If you want to force a rescan without changing HEAD (e.g., after a rebase or tag operation), click the refresh icon in the Git Intelligence section header.

Empty and error states

Each component handles missing data gracefully:

  • No Git repository: the entire Git Intelligence section is hidden. No empty panels or error messages clutter the Progress panel.
  • No semver tags: the milestone timeline is hidden, but the summary card and heatmap still display. A subtle note in the summary card indicates that no tagged releases were found.
  • No commit history: if the repository has been initialised but contains no commits, only the summary card appears with zeroed metrics.
  • Scan error: if the scan encounters an error (e.g., a corrupted pack file), any data collected before the error is still displayed. The affected component shows a warning icon with a tooltip describing the issue.

GitHub enrichment

When you connect a GitHub Personal Access Token (see GitHub Sync), the repository insights gain additional context:

  • Milestone timeline nodes can show linked release notes from GitHub Releases
  • Summary card includes open pull request and issue counts
  • Activity heatmap distinguishes between local commits and merged pull request activity

This enriched data appears automatically once sync completes.
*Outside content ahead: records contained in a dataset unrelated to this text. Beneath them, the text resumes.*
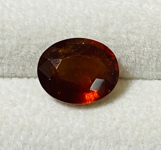 ヘソナイトガーネット OVカット 3.33ct 10.2×8.3×4.7 スリランカ産 落ち着いたオレンジ色のガーネット。ヘソナイトガーネットはグロッシュラーガーネットの分類に入ります。 特有の糖蜜状組織のインクルージョンが見られシルキーなルース。 カットはそこそこきれいです。 3枚目の写真が裏側です。
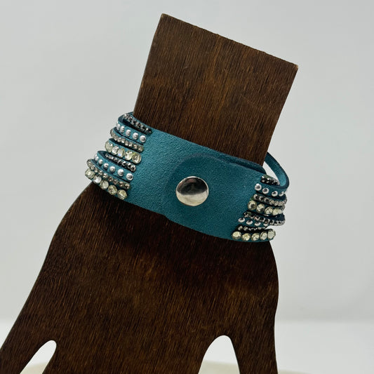 Bracelet Boho Southwest Layer Blue Faux Leather Rhinestone Cuff 9.25 in
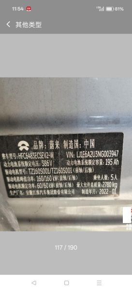 初次登记日期 2022-01-21 车辆名称 蔚来牌
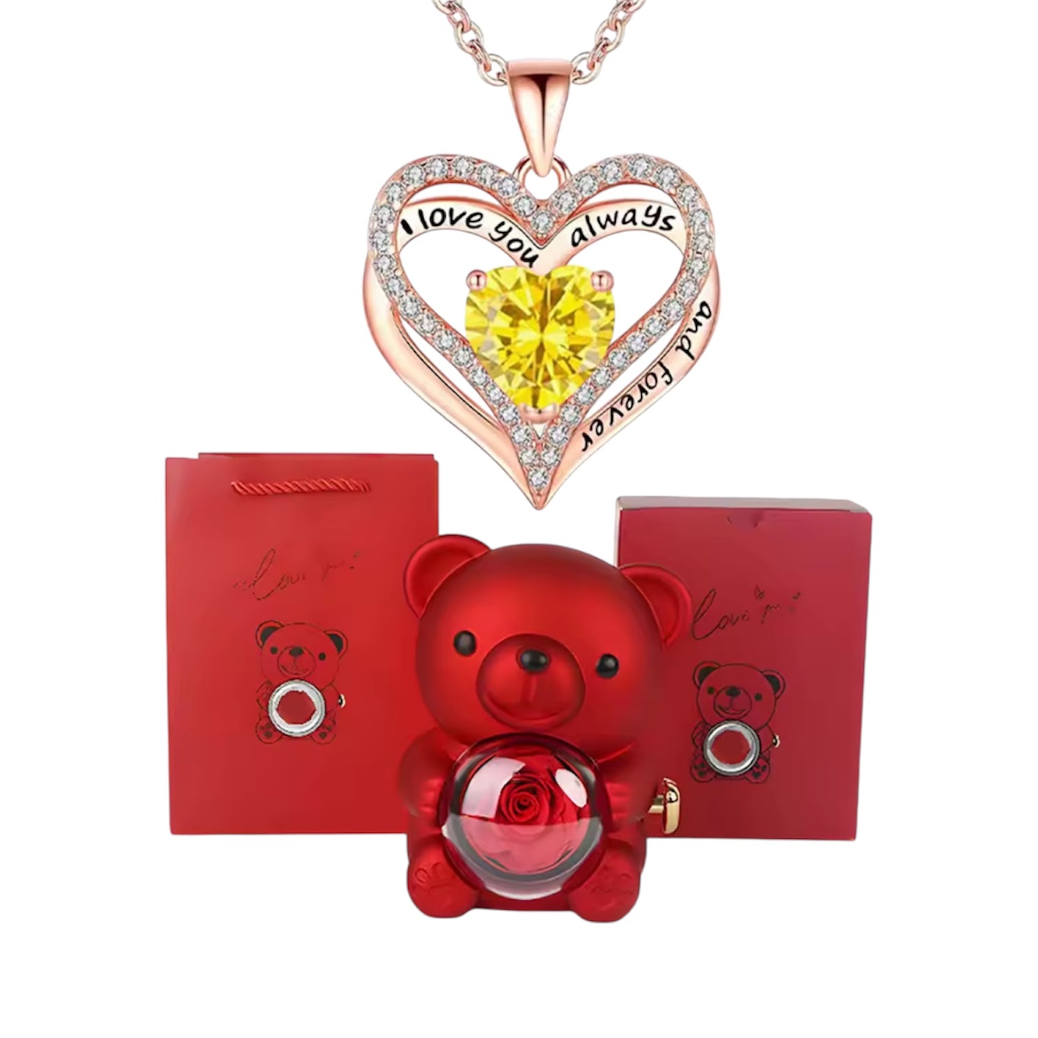 Verras haar met deze prachtige romantische cadeauset: een elegante hartketting gecombineerd met een schattige teddybeer die een roos bewaart in een glazen bol.
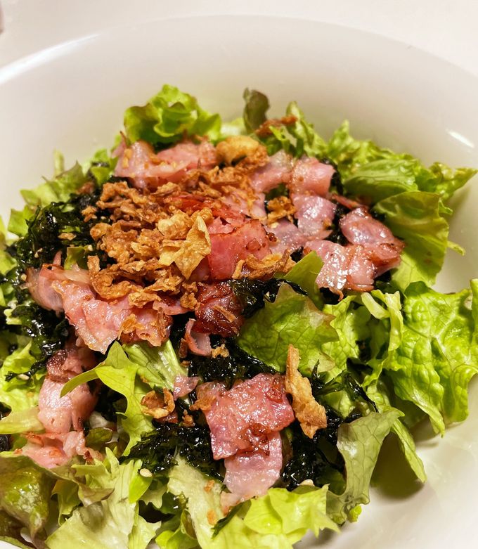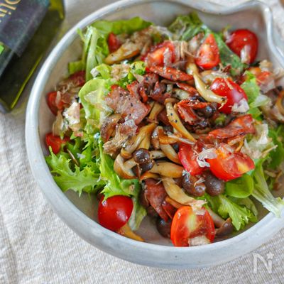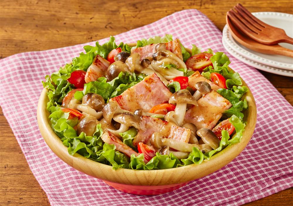 リーフレタスとソテーきのこと厚切りベーコンのサラダ。
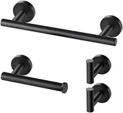UUHOME Bathroom Hardware Set, Matte Black Bathroom Accessories Set, 304 Stainless Steel Towel Bar Set Wall Mounted Include 16" Bathroom Towel Rack, Toilet Paper Holder and 2 Robe Hooks(4pcs) (Black)
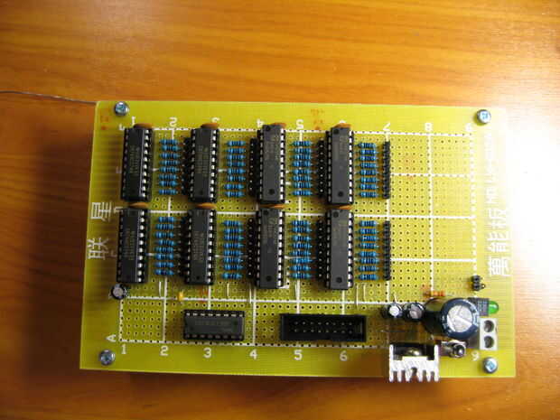 Para cada cierre del IC (74HC574), hay un 100nF (0.1uF) condensador de cerámica. Estos son condensadores de reducción de ruido. Cuando la corriente en los pines de salida se enciende y se apaga, esto puede causar la tensión disminuya lo suficiente como para meterse con el funcionamiento interno de los circuitos integrados, para una fracción de segundo. Esto es poco probable, pero es mejor prevenir que lamentar. Depuración de circuitos con problemas de ruido puede ser muy frustrante. Además, condensadores de hacen el circuito que mirar mucho más fresco y profesional! Los condensadores de 100nF Asegúrese de que hay algunos actual disponible justo al lado de la IC en caso de una bajada brusca de tensión. Hemos leído en alguna parte que es común de ingeniería práctica de colocar un condensador de 100nF junto a cada IC, "Usar como caramelo". Tendemos a seguir ese principio.
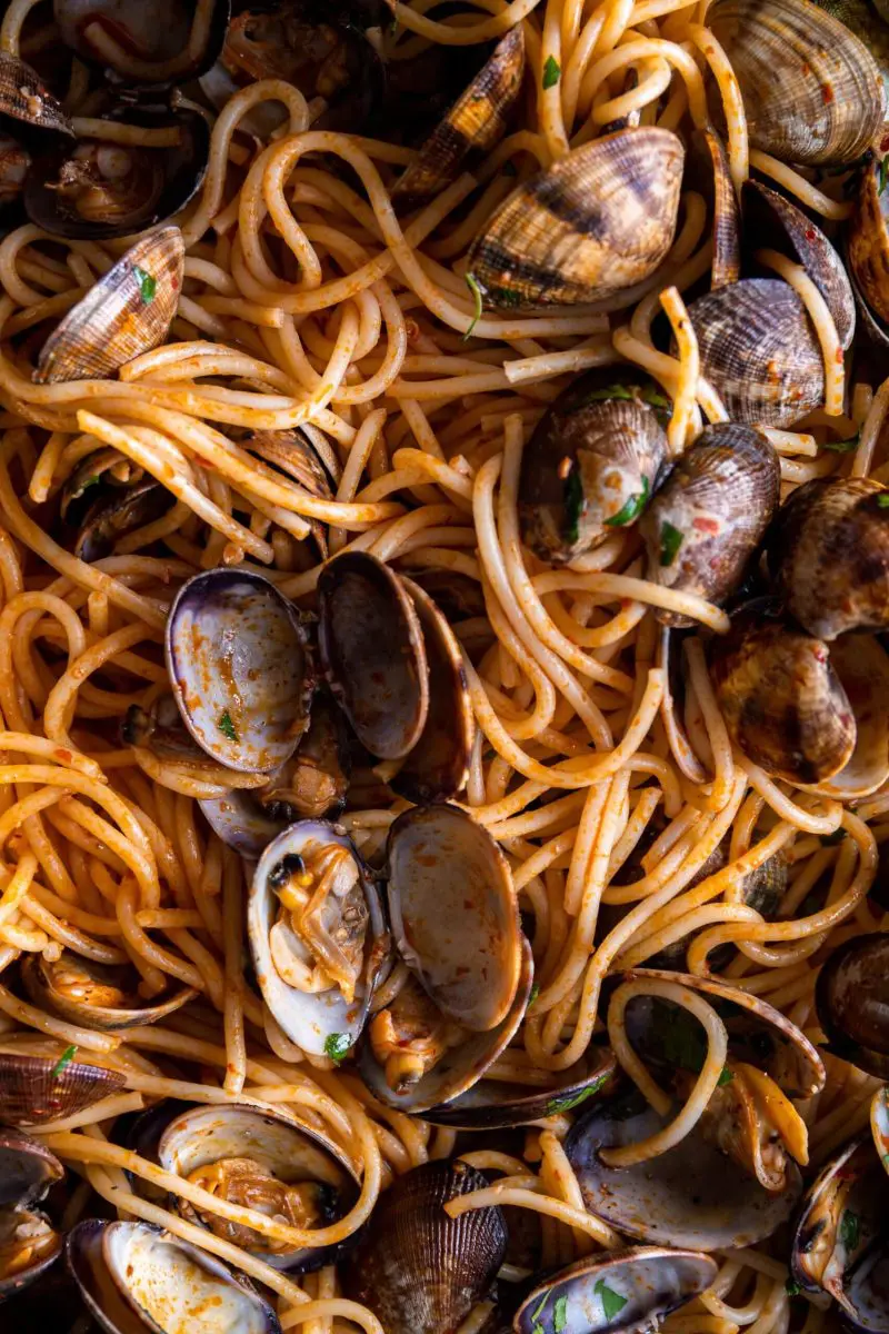 Spaghetti vongole met nduja

No additional configuration is needed beyond connecting your token.

Accessibility

All three components support keyboard navigation and screen readers:

  • Summary card: each metric is a focusable element with an accessible label
  • Milestone timeline: nodes are navigable with arrow keys; each node announces its tag, date and commit count
  • Activity heatmap: cells are keyboard-navigable in a grid pattern; the tooltip content is announced when a cell receives focus

Colour is never the sole indicator of meaning. The heatmap cells include opacity variation alongside colour, and the milestone timeline uses size differences in addition to colour to indicate commit volume.